Records for this exercise Start Marker

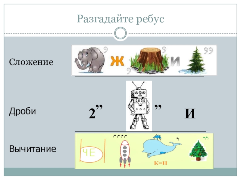 Разгадайте ребусСложение2 И,, ,, ДробиВычитание
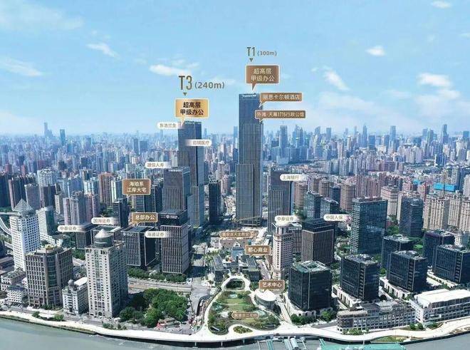 T1 -300米超高层塔楼上部46-62层为五星级酒店(丽思卡尔顿)、38,40-45层行政公馆,中部7-37层为甲级办公,底部为商业及大堂。
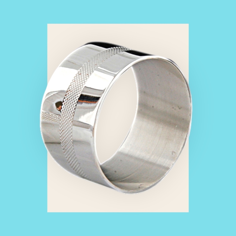 Rond de serviette "Guilloché" en métal argenté vendu en écrin uniquement
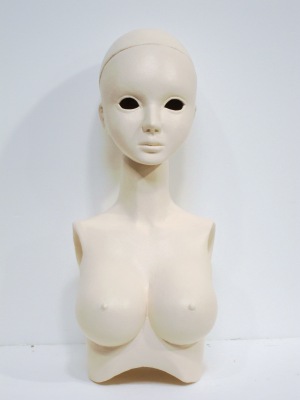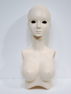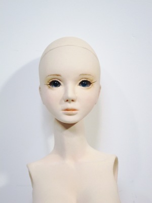とりあえず表面仕上げとメイクの段階はここまで。 あとはアイをウイッグを選びなおし、取り付けます。作例ではブロンドの ウイッグになっていますが、全体の雰囲気が和風だなって思ったので、 黒髪に変更しました。
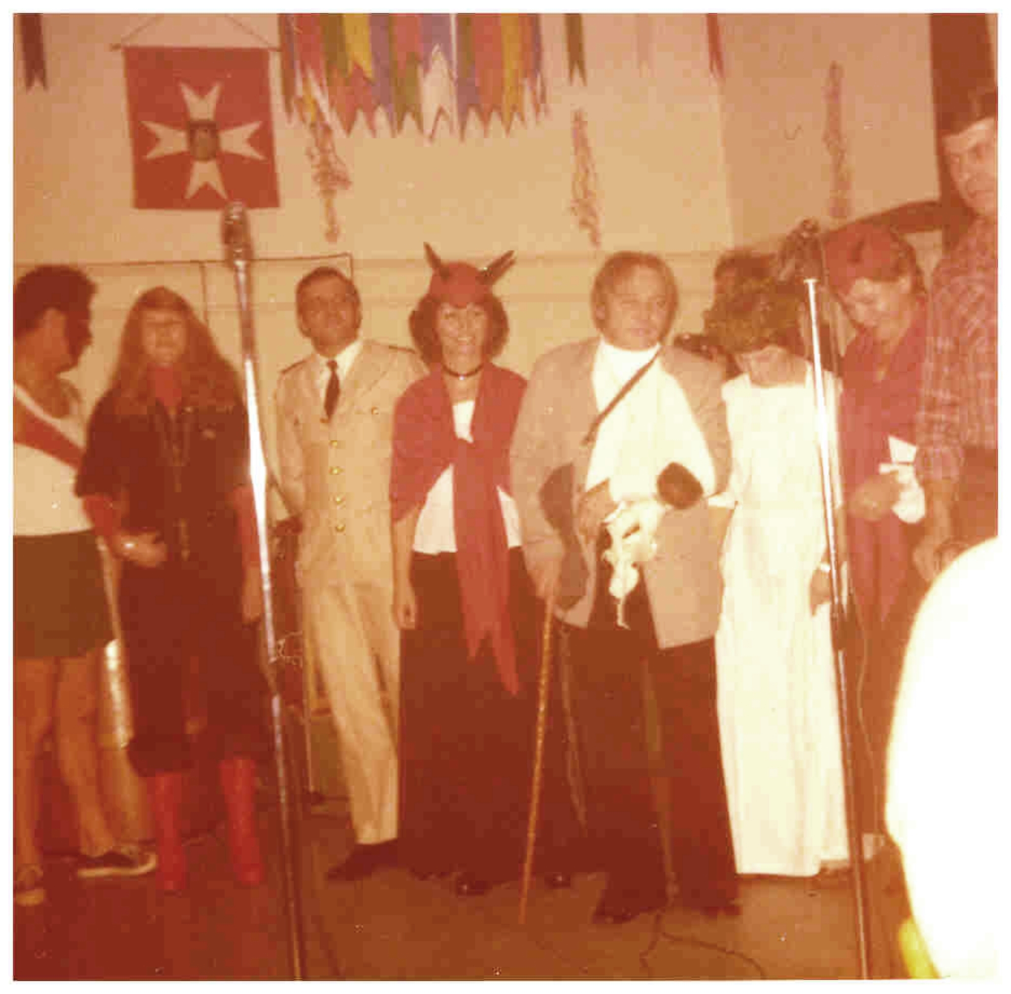 Eröffnung der neuen Fasnachtssaison im Ziegelhof: Mit Waltraut Schaer, Inge, Dieter und Walter Stöß, Marga und Wolfgang Theuerjahr, Gisela Vogt, Sigi Greis und Kurt Hofmeier.

Records for this exercise End Marker

What to produce:
Every entry above is to be set down exactly; the pictures are to be left out.

Answer below:
 Разгадайте ребусСложение2 И,, ,, ДробиВычитание
 T1 -300米超高层塔楼上部46-62层为五星级酒店(丽思卡尔顿)、38,40-45层行政公馆,中部7-37层为甲级办公,底部为商业及大堂。
 Rond de serviette "Guilloché" en métal argenté vendu en écrin uniquement
とりあえず表面仕上げとメイクの段階はここまで。 あとはアイをウイッグを選びなおし、取り付けます。作例ではブロンドの ウイッグになっていますが、全体の雰囲気が和風だなって思ったので、 黒髪に変更しました。
 Eröffnung der neuen Fasnachtssaison im Ziegelhof: Mit Waltraut Schaer, Inge, Dieter und Walter Stöß, Marga und Wolfgang Theuerjahr, Gisela Vogt, Sigi Greis und Kurt Hofmeier.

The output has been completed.